Your goal
Please output every entry below exactly as written, leaving out any pictures.

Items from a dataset
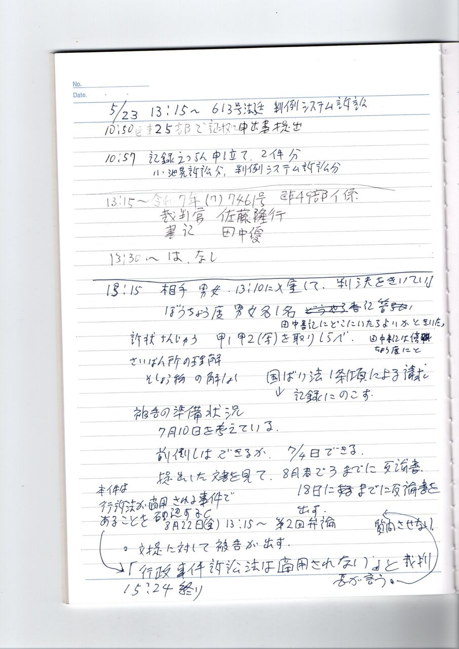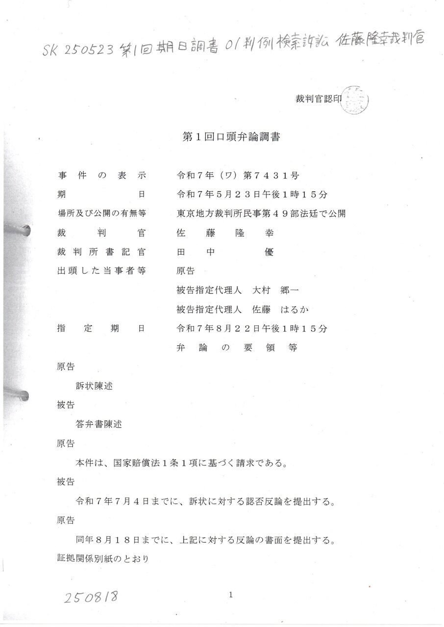 Ⓢ 画像版 SK 250523 第1回弁論メモ 判例検索訴訟 佐藤隆行裁判官
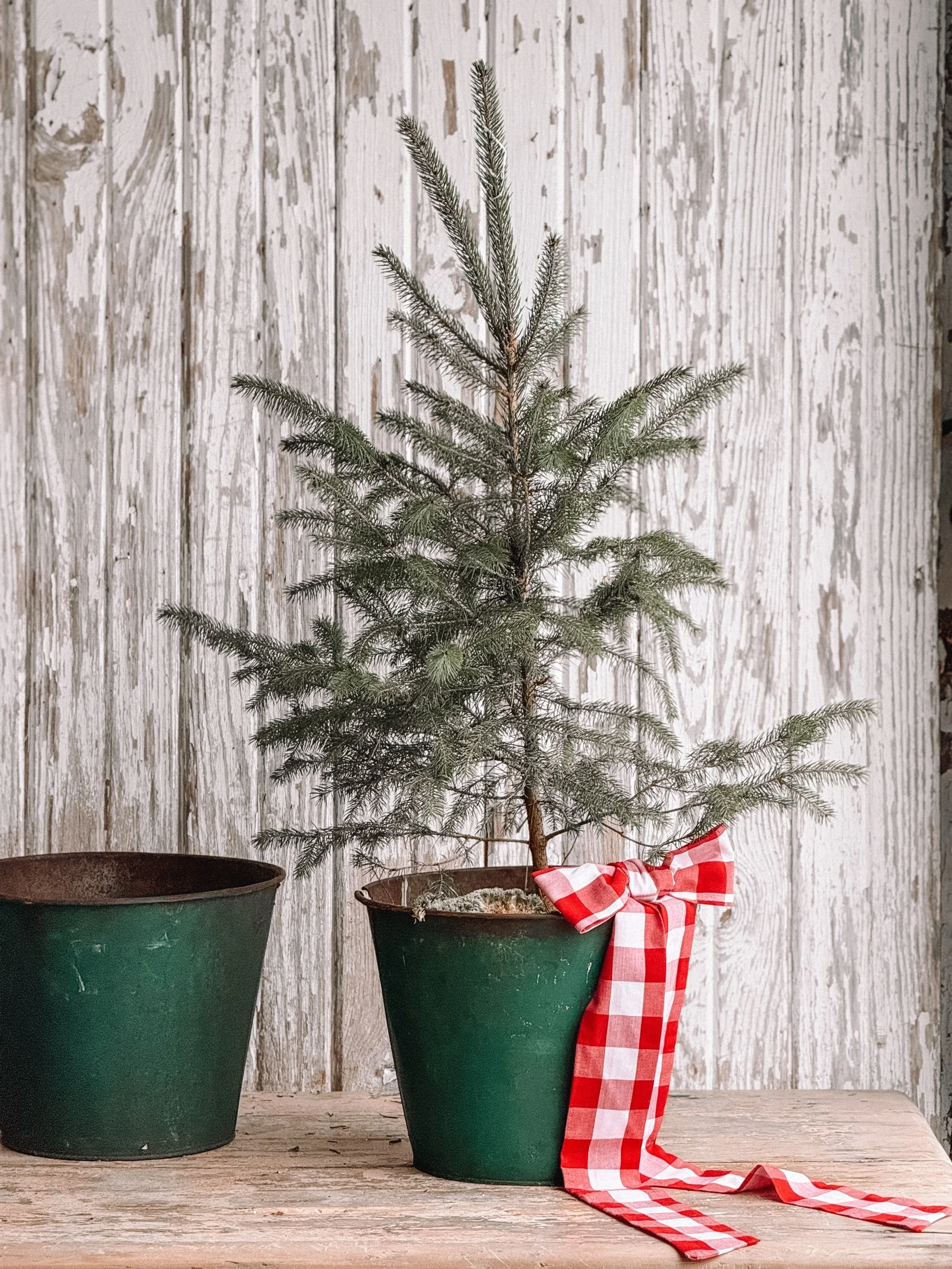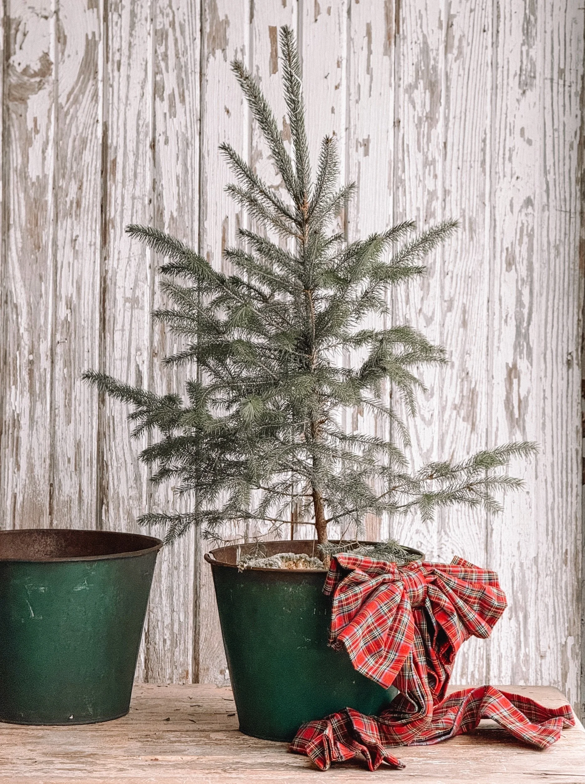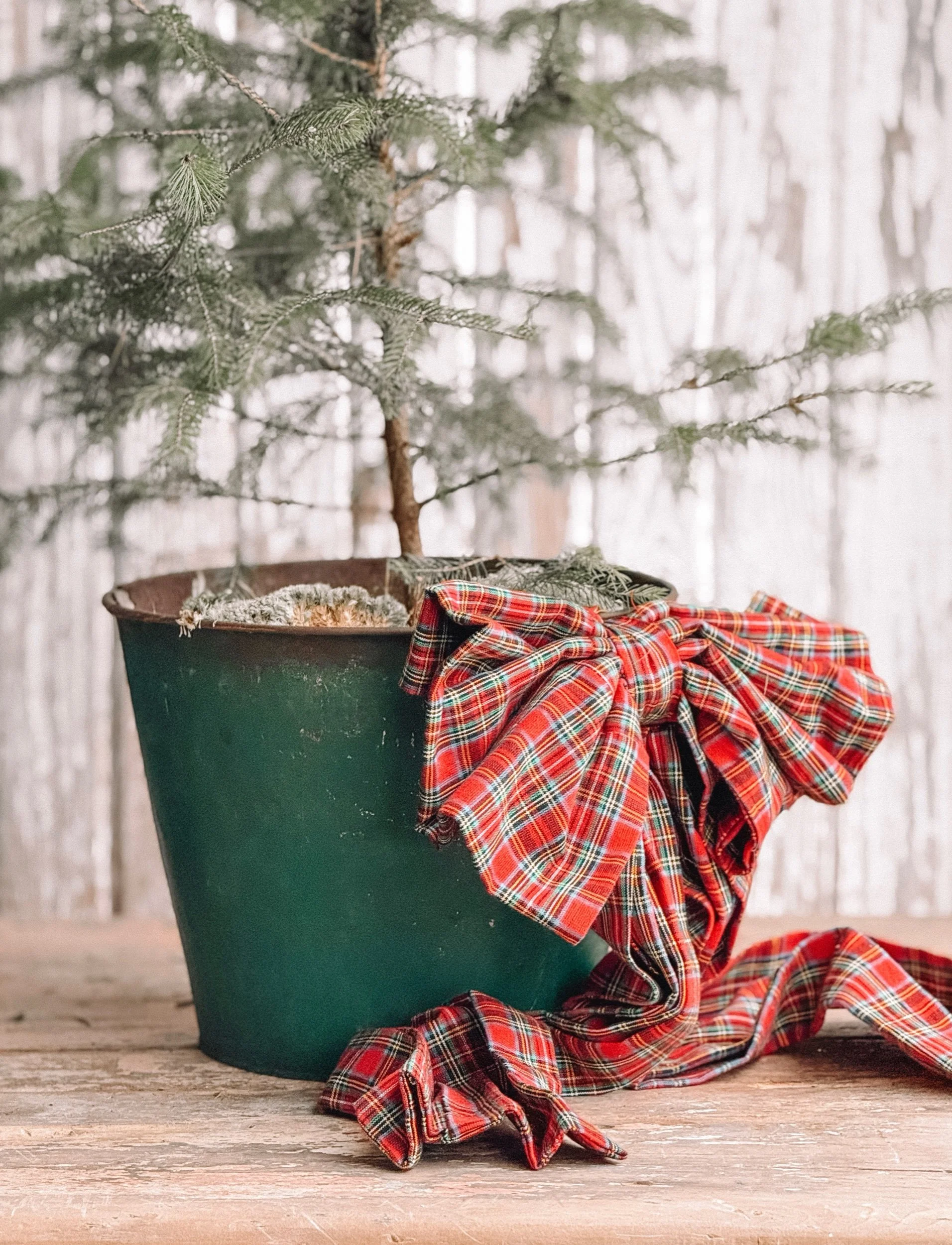 Antique Sap Bucket w/ Handmade Tartan Bow
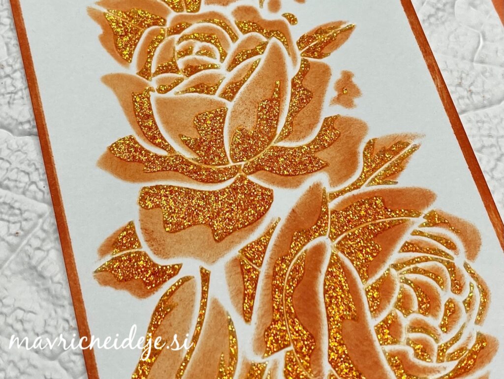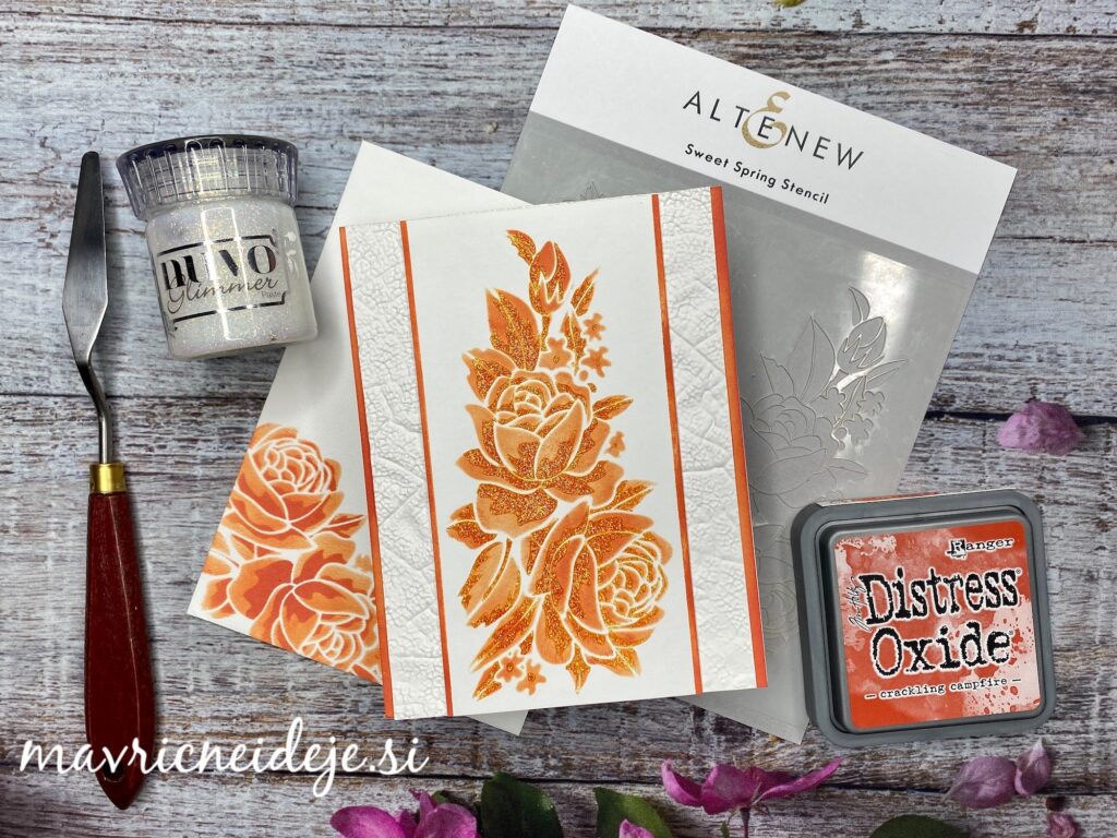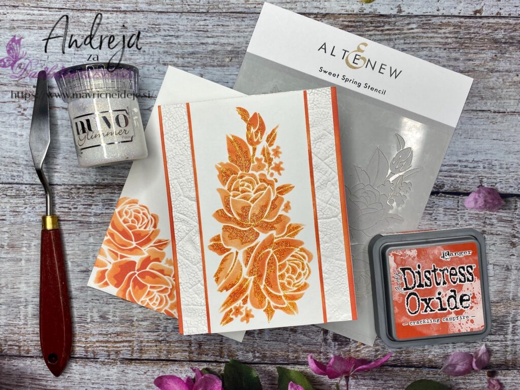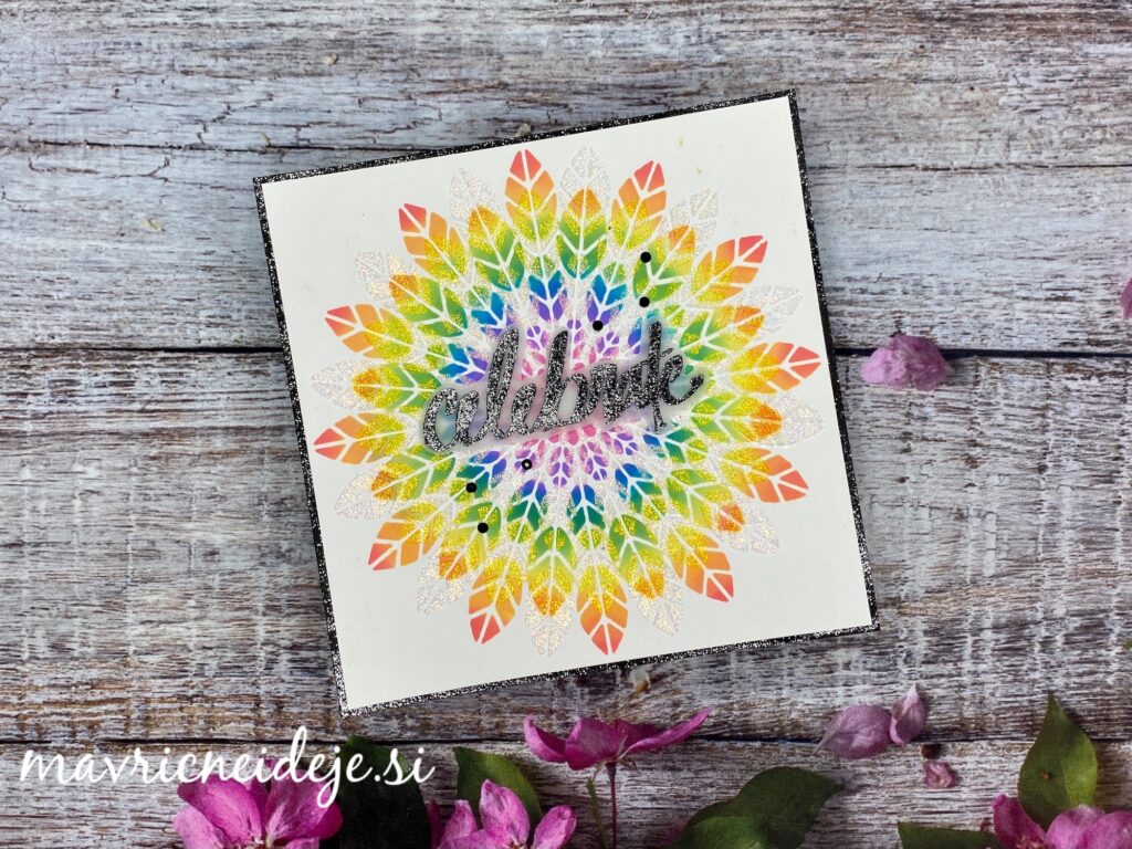 Altenew Sweet Spring Stencil šablona ima zelo veliko možnosti, da pri meni dobi prav poseben status, saj se ideje, kako jo uporabiti kar vrstijo. V AECP poglavju “Let it shine” imajo ravno bleščeči dodatku glavno vlogo, zato sem uporabila le eno barvno blazinico in pasto z bleščicami.
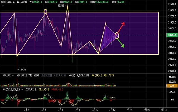 美国6月CIP公布前夕,加密市场仍以弱势震荡为主,比特币沿5日均线弱势震荡,1小时级别走势目前在30000—31500大区间内运行, 比特币30分钟走势呈三角整理形态.日内关注整理结束方向的选择.
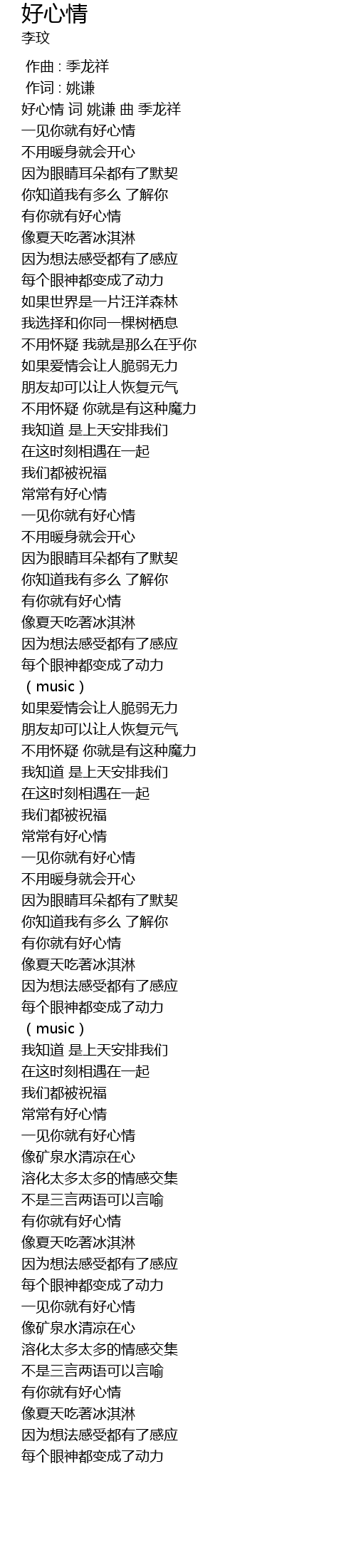 | [00:01.79] | 好心情 词 姚谦 曲 季龙祥 |
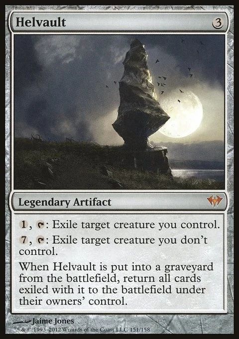 {1}, {T}: Exile target creature you control. {7}, {T}: Exile target creature you don't control. When Helvault is put into a graveyard from the battlefield, return all cards exiled with it to the battlefield under their owners' control.
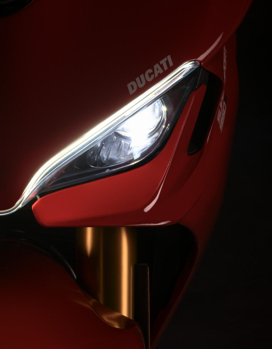 A vista frontal é dominada pelo novo farol full LED com luz diurna, Daytime Running Light (DRL), que evoca claramente a assinatura luminosa e incisiva da Panigale V4. A DRL foi concebida com o maior cuidado a fim de difundir a luz de forma ampla e homogénea, mas também em relação ao design. O farol é complementado por dois módulos LED bifunção para máximos e médios que conferem um “rosto” simétrico à moto quando as luzes estão acesas. Os dois módulos são embelezados por uma moldura de acabamento brilhante.

Finished task
 Ⓢ 画像版 SK 250523 第1回弁論メモ 判例検索訴訟 佐藤隆行裁判官
 Antique Sap Bucket w/ Handmade Tartan Bow
 Altenew Sweet Spring Stencil šablona ima zelo veliko možnosti, da pri meni dobi prav poseben status, saj se ideje, kako jo uporabiti kar vrstijo. V AECP poglavju “Let it shine” imajo ravno bleščeči dodatku glavno vlogo, zato sem uporabila le eno barvno blazinico in pasto z bleščicami.
 美国6月CIP公布前夕,加密市场仍以弱势震荡为主,比特币沿5日均线弱势震荡,1小时级别走势目前在30000—31500大区间内运行, 比特币30分钟走势呈三角整理形态.日内关注整理结束方向的选择.
 | [00:01.79] | 好心情 词 姚谦 曲 季龙祥 |
 {1}, {T}: Exile target creature you control. {7}, {T}: Exile target creature you don't control. When Helvault is put into a graveyard from the battlefield, return all cards exiled with it to the battlefield under their owners' control.
 A vista frontal é dominada pelo novo farol full LED com luz diurna, Daytime Running Light (DRL), que evoca claramente a assinatura luminosa e incisiva da Panigale V4. A DRL foi concebida com o maior cuidado a fim de difundir a luz de forma ampla e homogénea, mas também em relação ao design. O farol é complementado por dois módulos LED bifunção para máximos e médios que conferem um “rosto” simétrico à moto quando as luzes estão acesas. Os dois módulos são embelezados por uma moldura de acabamento brilhante.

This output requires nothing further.